L’essere umano, non è in grado di abbandonare il peccato con le sue forze:
“Che cosa diremo dunque? La legge è peccato? No di certo! Anzi, io non avrei conosciuto il peccato se non per mezzo della legge; poiché non avrei conosciuto la concupiscenza, se la legge non avesse detto: ‘Non concupire’. Ma il peccato, còlta l'occasione, per mezzo del comandamento, produsse in me ogni concupiscenza; perché senza la legge il peccato è morto. Un tempo io vivevo senza legge; ma, venuto il comandamento, il peccato prese vita e io morii; e il comandamento che avrebbe dovuto darmi vita, risultò che mi condannava a morte. Perché il peccato, còlta l'occasione per mezzo del comandamento, mi trasse in inganno e, per mezzo di esso, mi uccise. Così la legge è santa, e il comandamento è santo, giusto e buono. Ciò che è buono, diventò dunque per me morte? No di certo! È invece il peccato che mi è diventato morte, perché si rivelasse come peccato, causandomi la morte mediante ciò che è buono; affinché, per mezzo del comandamento, il peccato diventasse estremamente peccante. Sappiamo infatti che la legge è spirituale; ma io sono carnale, venduto schiavo al peccato. Poiché, ciò che faccio, io non lo capisco: infatti non faccio quello che voglio, ma faccio quello che odio. Ora, se faccio quello che non voglio, ammetto che la legge è buona; allora non sono più io che lo faccio, ma è il peccato che abita in me. Difatti, io so che in me, cioè nella mia carne, non abita alcun bene; poiché in me si trova il volere, ma il modo di compiere il bene, no. Infatti il bene che voglio, non lo faccio; ma il male che non voglio, quello faccio. Ora, se io faccio ciò che non voglio, non sono più io che lo compio, ma è il peccato che abita in me. Mi trovo dunque sotto questa legge: quando voglio fare il bene, il male si trova in me. Infatti io mi compiaccio della legge di Dio, secondo l'uomo interiore, ma vedo un'altra legge nelle mie membra, che combatte contro la legge della mia mente e mi rende prigioniero della legge del peccato che è nelle mie membra. Me infelice! Chi mi libererà da questo corpo di morte? Grazie siano rese a Dio per mezzo di Gesù Cristo, nostro Signore. Così dunque, io con la mente servo la legge di Dio, ma con la carne la legge del peccato”. – Rm 7:7-25.
Peccare non è solo trasgredire la santa Toràh di Dio; è opporsi alla Legge, ignorarla. “Chi dunque sa fare il bene e non lo fa, commette peccato” (Gc 4:17), per cui l’omissione del bene è peccato tanto quanto fare il male. È per questo che “tutto quello che non viene da fede è peccato” (Rm 14:23). Non basta compiere le “opere della Legge”: occorre la convinzione, la fede in Dio ubbidendo alla sua santa Legge con pieno convincimento.
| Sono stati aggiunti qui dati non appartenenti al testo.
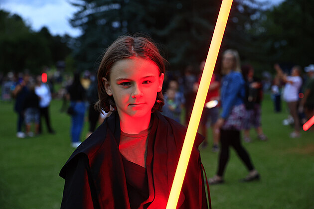 Milovníci scifi se sešli v úterý večer na festivalu Planet planet v parku na Kraví hoře u brněnské hvězdárny. Na sobě měli kostýmy z oblíbených filmů, přinesli si také svítící doplňky, hlavně světelné meče. (5. srpna 2025)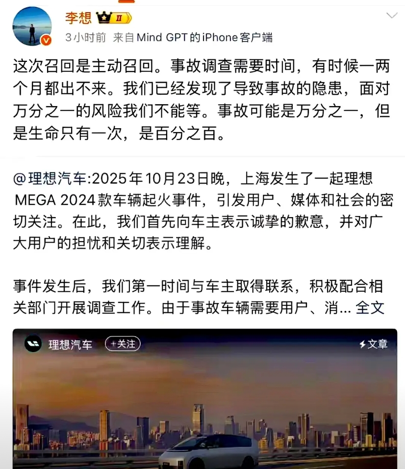 Mega事件迄今为止,还没未彻底调查明白,但理想汽车董事长李想针对Mega事件做

Vista la condizione umana peccaminosa, Paolo sa “che tutti, Giudei e Greci [= ebrei e pagani], sono sottoposti al peccato” (Rm 3:9) e che “tutti si sono sviati, tutti quanti si sono corrotti. Non c'è nessuno che pratichi la bontà, no, neppure uno” (Rm 3:12; cfr. Sl 14:3;53:3). L’essere umano non solo è peccatore, ma è in una posizione bloccata, non sapendo come venirne fuori.

È a questo punto della riflessione che Paolo si discosta dalle sue precedenti convinzioni farisaiche. Nell’antropologia dei farisei si ammetteva che nella natura dell’essere umano ci fossero, sin dalla creazione, due impulsi: uno buono e uno cattivo:
1. Impulso buono: הטוב יצר (yètzer hatòv). È l’inclinazione al bene che si acquisisce quando giunge la maggiorità spirituale (12 anni per le ragazze, 13 per i ragazzi: bat mitzvà, מצוו בת, “figlia del comandamento”; bar mitzvà, מצוו בר, “figlio del comandamento”).
2. Impulso cattivo: הרע יצר (yètzer harà). È l’inclinazione al male; non è una forza demoniaca, ma l’uso scorretto delle necessità fisiche. – Gn 6:5;8:21.
Nella concezione farisaica, l’essere umano non è quindi obbligato verso l’inclinazione al male o al bene, ma ha il potere di scelta ed è in grado di scegliere coscientemente e volontariamente. - Berakòt 61a,b; Nedarìm 32b; Ecclesiaste Rabàh 4:13.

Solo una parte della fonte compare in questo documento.